PROVIDED DATA
=== Section Start ===
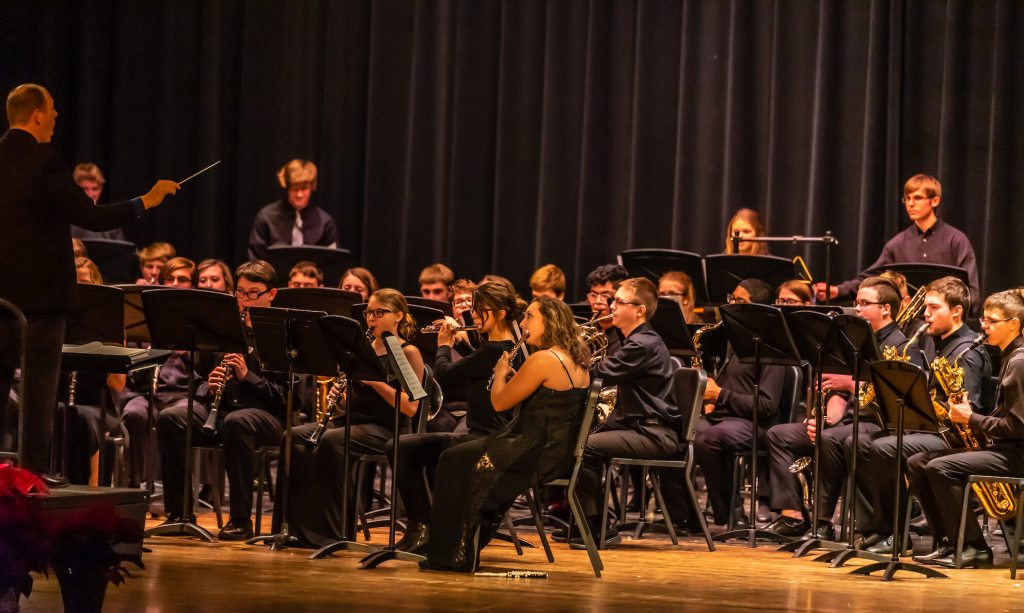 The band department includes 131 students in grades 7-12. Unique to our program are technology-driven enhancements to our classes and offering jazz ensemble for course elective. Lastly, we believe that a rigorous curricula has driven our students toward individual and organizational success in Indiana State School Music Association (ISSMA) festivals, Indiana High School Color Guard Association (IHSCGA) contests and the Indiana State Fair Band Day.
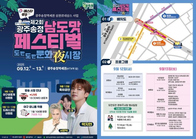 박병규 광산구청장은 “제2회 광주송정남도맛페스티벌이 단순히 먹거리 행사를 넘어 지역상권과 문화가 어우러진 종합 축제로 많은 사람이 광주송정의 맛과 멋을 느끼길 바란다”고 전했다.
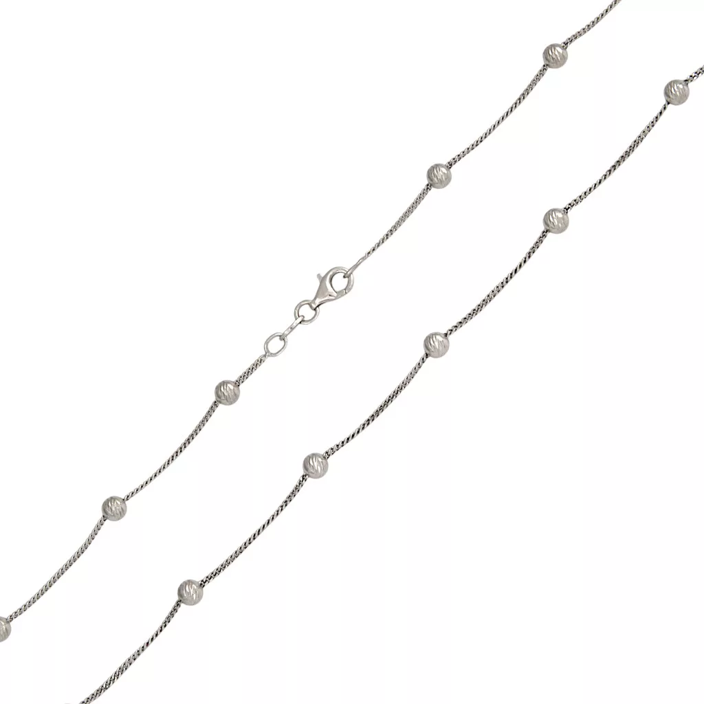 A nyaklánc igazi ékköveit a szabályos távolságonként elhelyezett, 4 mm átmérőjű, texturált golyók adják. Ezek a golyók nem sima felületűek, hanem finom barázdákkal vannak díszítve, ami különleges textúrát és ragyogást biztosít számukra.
=== Section End ===
EXERCISE DETAILS
Repeat the data word for word, minus any pictures.

ANSWER BOX
 The band department includes 131 students in grades 7-12. Unique to our program are technology-driven enhancements to our classes and offering jazz ensemble for course elective. Lastly, we believe that a rigorous curricula has driven our students toward individual and organizational success in Indiana State School Music Association (ISSMA) festivals, Indiana High School Color Guard Association (IHSCGA) contests and the Indiana State Fair Band Day.
 박병규 광산구청장은 “제2회 광주송정남도맛페스티벌이 단순히 먹거리 행사를 넘어 지역상권과 문화가 어우러진 종합 축제로 많은 사람이 광주송정의 맛과 멋을 느끼길 바란다”고 전했다.
 A nyaklánc igazi ékköveit a szabályos távolságonként elhelyezett, 4 mm átmérőjű, texturált golyók adják. Ezek a golyók nem sima felületűek, hanem finom barázdákkal vannak díszítve, ami különleges textúrát és ragyogást biztosít számukra.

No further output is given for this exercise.